The first time I tried Newtons was in October in Richmond, Virginia when I was picking up my race packet for a sprint triathlon I was doing. The store where the pickup was located was also a Newton dealer. I asked and they happily allowed me to take a pair of trainers for a spin around the block. They were exactly what I was looking for and felt amazing. Before anyone suggests that they felt “amazing” because I wanted them to feel “amazing”, I made a promise to myself when I began this website that I would be as transparent with my audience as possible, sharing every feeling that I had (though not necessarily every event). I have kept that promise, and not in the way our government is “transparent”, rather, for real.

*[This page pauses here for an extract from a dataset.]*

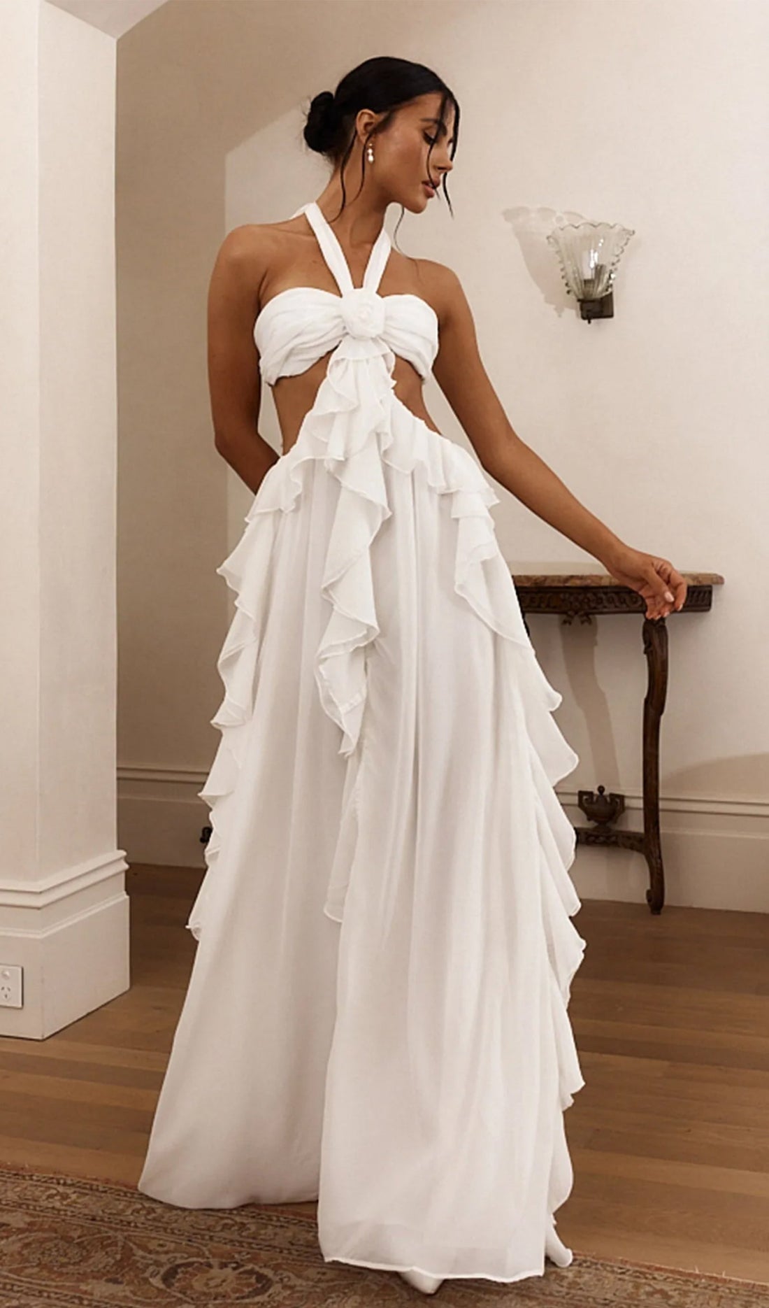 Halter Ruffles Gül Süslemeli Maksi Elbise

Due to the fact that Newtons do cost a bit more than many running, a fact which does not escape me or my wallet, I could not immediately get my hands on a pair. Also, I wanted to wait because at the time, Newton had announced a new, all-weather shoe, that would be more appropriate for running in New York City in the winter, which would not be shipped until the end of the year or early the following year. For my birthday (December 2) my father and stepmother gave me my first pair of Newtons (which wouldn’t be in my hands for a couple of weeks, but what can you do?)!
My Newtons arrived on December 15, 2008. I know it seems excessive that I know when they arrived, but again, thanks to this site I have a record. Before then, I had been slowly transitioning to forefoot for a while and my legs were more than ready. As luck would have it, I had a race about five days after getting my Newtons, however, Mother Nature intervened and dumped a ton of snow on the city and Central Park was a cold, slushy, snowy, icy mess, so I opted for my Vomero’s. With the exception of some extremely snowy or disgusting weather runs, that was the last time I would go Newton-less.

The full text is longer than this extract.